### PROBLEM DETAILS:
The result should be an exact copy of every record, with no pictures kept.

### TASK MATERIAL:
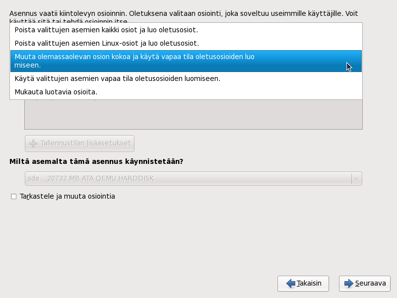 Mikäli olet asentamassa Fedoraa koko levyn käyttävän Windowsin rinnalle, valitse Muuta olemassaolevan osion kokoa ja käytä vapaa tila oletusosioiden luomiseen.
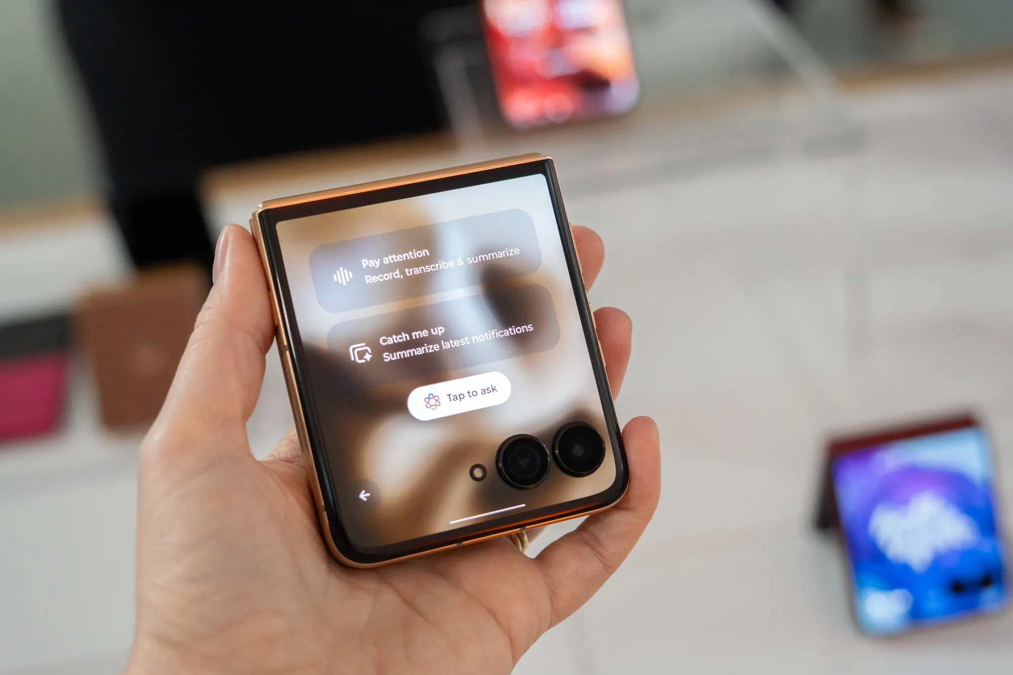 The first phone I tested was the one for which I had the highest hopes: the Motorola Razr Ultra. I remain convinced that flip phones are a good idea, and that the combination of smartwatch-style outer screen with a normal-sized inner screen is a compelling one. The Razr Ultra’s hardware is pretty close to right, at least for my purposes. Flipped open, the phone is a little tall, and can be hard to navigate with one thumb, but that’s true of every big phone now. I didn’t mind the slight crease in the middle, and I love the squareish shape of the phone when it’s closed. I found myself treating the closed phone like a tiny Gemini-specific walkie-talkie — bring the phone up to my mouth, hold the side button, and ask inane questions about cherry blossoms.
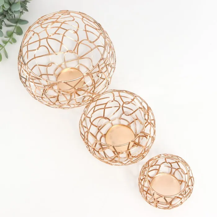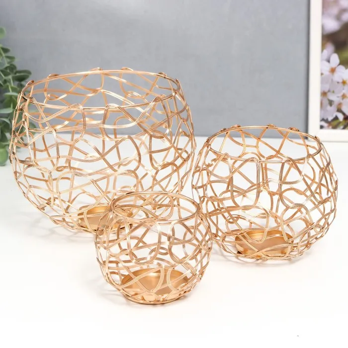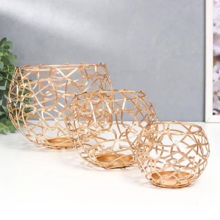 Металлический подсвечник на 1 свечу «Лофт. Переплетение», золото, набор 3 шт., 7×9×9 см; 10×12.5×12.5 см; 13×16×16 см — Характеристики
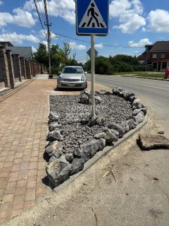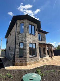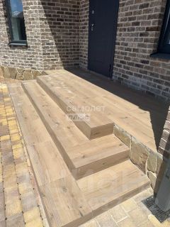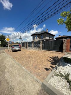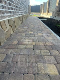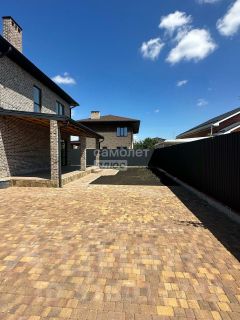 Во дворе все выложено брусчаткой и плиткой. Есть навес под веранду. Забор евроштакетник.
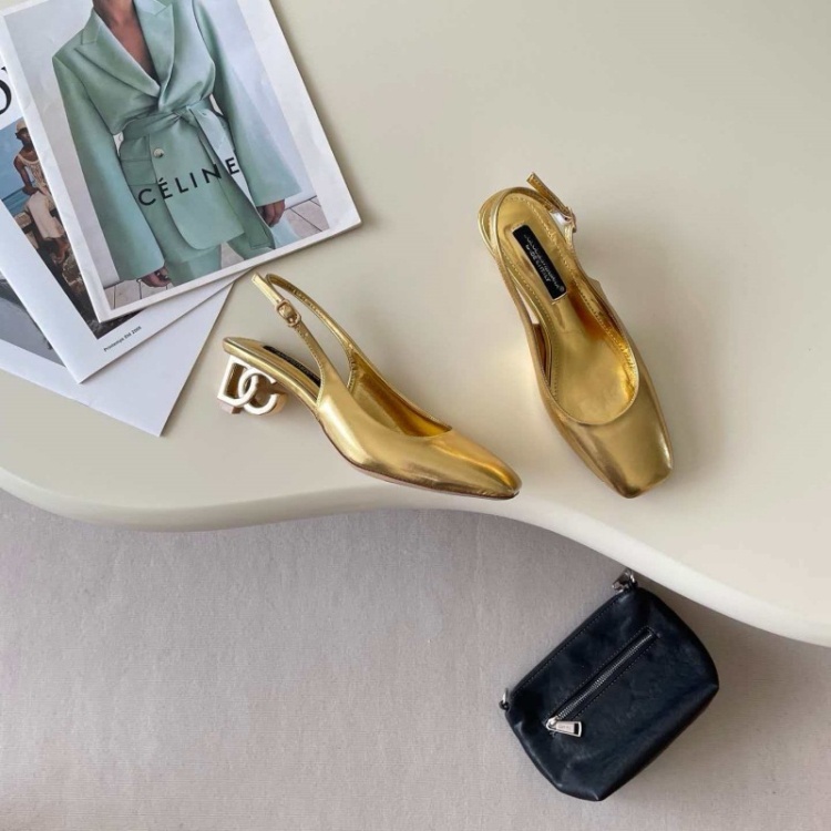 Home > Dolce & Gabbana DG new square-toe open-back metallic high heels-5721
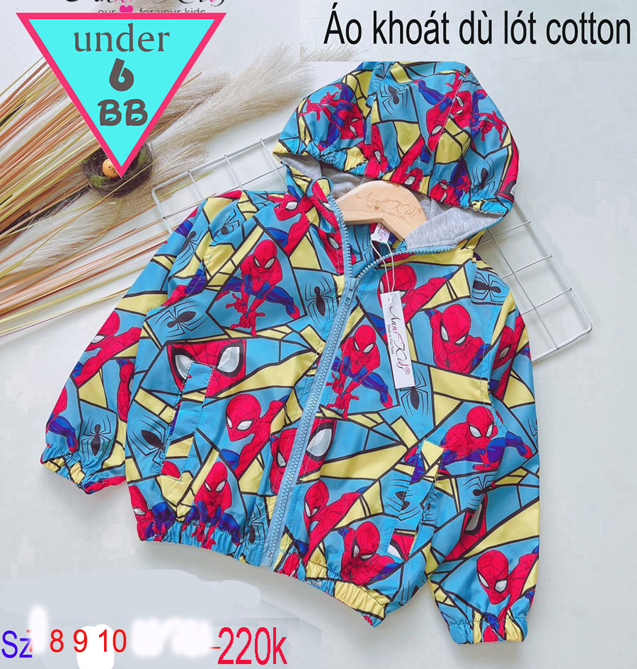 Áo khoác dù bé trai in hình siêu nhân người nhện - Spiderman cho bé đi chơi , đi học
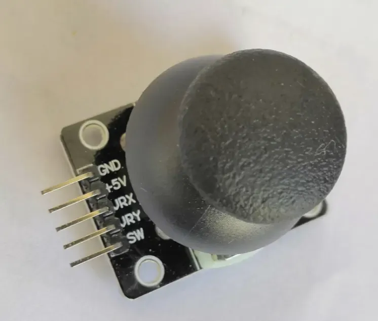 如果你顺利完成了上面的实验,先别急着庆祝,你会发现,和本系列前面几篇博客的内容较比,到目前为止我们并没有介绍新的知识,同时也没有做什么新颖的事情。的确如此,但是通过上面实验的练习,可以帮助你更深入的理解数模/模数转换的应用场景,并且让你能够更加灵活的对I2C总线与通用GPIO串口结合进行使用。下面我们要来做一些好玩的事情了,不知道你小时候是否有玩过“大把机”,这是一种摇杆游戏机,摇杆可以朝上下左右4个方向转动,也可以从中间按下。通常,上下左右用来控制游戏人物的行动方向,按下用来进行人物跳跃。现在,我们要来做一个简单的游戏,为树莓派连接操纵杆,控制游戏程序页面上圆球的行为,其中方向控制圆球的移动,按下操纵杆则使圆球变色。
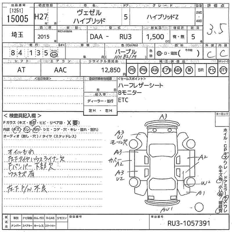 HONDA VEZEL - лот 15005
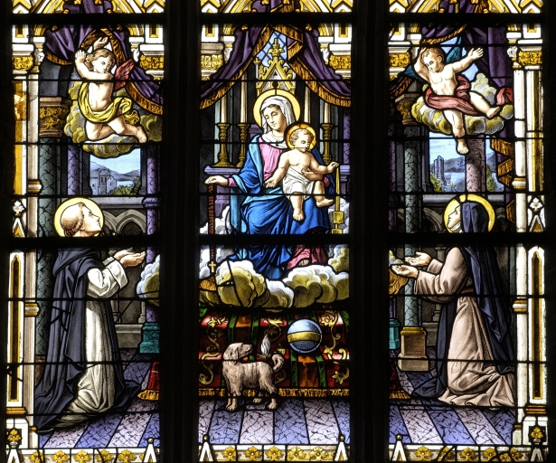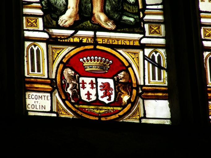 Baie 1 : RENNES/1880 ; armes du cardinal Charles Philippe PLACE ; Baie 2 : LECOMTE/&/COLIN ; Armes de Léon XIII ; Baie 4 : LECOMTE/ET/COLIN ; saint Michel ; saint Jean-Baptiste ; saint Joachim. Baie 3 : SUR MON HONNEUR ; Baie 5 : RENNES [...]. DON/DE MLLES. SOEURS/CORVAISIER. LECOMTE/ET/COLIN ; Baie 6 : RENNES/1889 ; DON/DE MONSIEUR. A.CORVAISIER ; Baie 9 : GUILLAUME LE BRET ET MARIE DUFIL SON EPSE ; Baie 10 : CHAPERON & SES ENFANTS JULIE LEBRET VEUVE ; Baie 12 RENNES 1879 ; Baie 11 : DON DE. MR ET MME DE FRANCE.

### TASK OUTPUT:
 Mikäli olet asentamassa Fedoraa koko levyn käyttävän Windowsin rinnalle, valitse Muuta olemassaolevan osion kokoa ja käytä vapaa tila oletusosioiden luomiseen.
 The first phone I tested was the one for which I had the highest hopes: the Motorola Razr Ultra. I remain convinced that flip phones are a good idea, and that the combination of smartwatch-style outer screen with a normal-sized inner screen is a compelling one. The Razr Ultra’s hardware is pretty close to right, at least for my purposes. Flipped open, the phone is a little tall, and can be hard to navigate with one thumb, but that’s true of every big phone now. I didn’t mind the slight crease in the middle, and I love the squareish shape of the phone when it’s closed. I found myself treating the closed phone like a tiny Gemini-specific walkie-talkie — bring the phone up to my mouth, hold the side button, and ask inane questions about cherry blossoms.
 Металлический подсвечник на 1 свечу «Лофт. Переплетение», золото, набор 3 шт., 7×9×9 см; 10×12.5×12.5 см; 13×16×16 см — Характеристики
 Во дворе все выложено брусчаткой и плиткой. Есть навес под веранду. Забор евроштакетник.
 Home > Dolce & Gabbana DG new square-toe open-back metallic high heels-5721
 Áo khoác dù bé trai in hình siêu nhân người nhện - Spiderman cho bé đi chơi , đi học
 如果你顺利完成了上面的实验,先别急着庆祝,你会发现,和本系列前面几篇博客的内容较比,到目前为止我们并没有介绍新的知识,同时也没有做什么新颖的事情。的确如此,但是通过上面实验的练习,可以帮助你更深入的理解数模/模数转换的应用场景,并且让你能够更加灵活的对I2C总线与通用GPIO串口结合进行使用。下面我们要来做一些好玩的事情了,不知道你小时候是否有玩过“大把机”,这是一种摇杆游戏机,摇杆可以朝上下左右4个方向转动,也可以从中间按下。通常,上下左右用来控制游戏人物的行动方向,按下用来进行人物跳跃。现在,我们要来做一个简单的游戏,为树莓派连接操纵杆,控制游戏程序页面上圆球的行为,其中方向控制圆球的移动,按下操纵杆则使圆球变色。
 HONDA VEZEL - лот 15005
 Baie 1 : RENNES/1880 ; armes du cardinal Charles Philippe PLACE ; Baie 2 : LECOMTE/&/COLIN ; Armes de Léon XIII ; Baie 4 : LECOMTE/ET/COLIN ; saint Michel ; saint Jean-Baptiste ; saint Joachim. Baie 3 : SUR MON HONNEUR ; Baie 5 : RENNES [...]. DON/DE MLLES. SOEURS/CORVAISIER. LECOMTE/ET/COLIN ; Baie 6 : RENNES/1889 ; DON/DE MONSIEUR. A.CORVAISIER ; Baie 9 : GUILLAUME LE BRET ET MARIE DUFIL SON EPSE ; Baie 10 : CHAPERON & SES ENFANTS JULIE LEBRET VEUVE ; Baie 12 RENNES 1879 ; Baie 11 : DON DE. MR ET MME DE FRANCE.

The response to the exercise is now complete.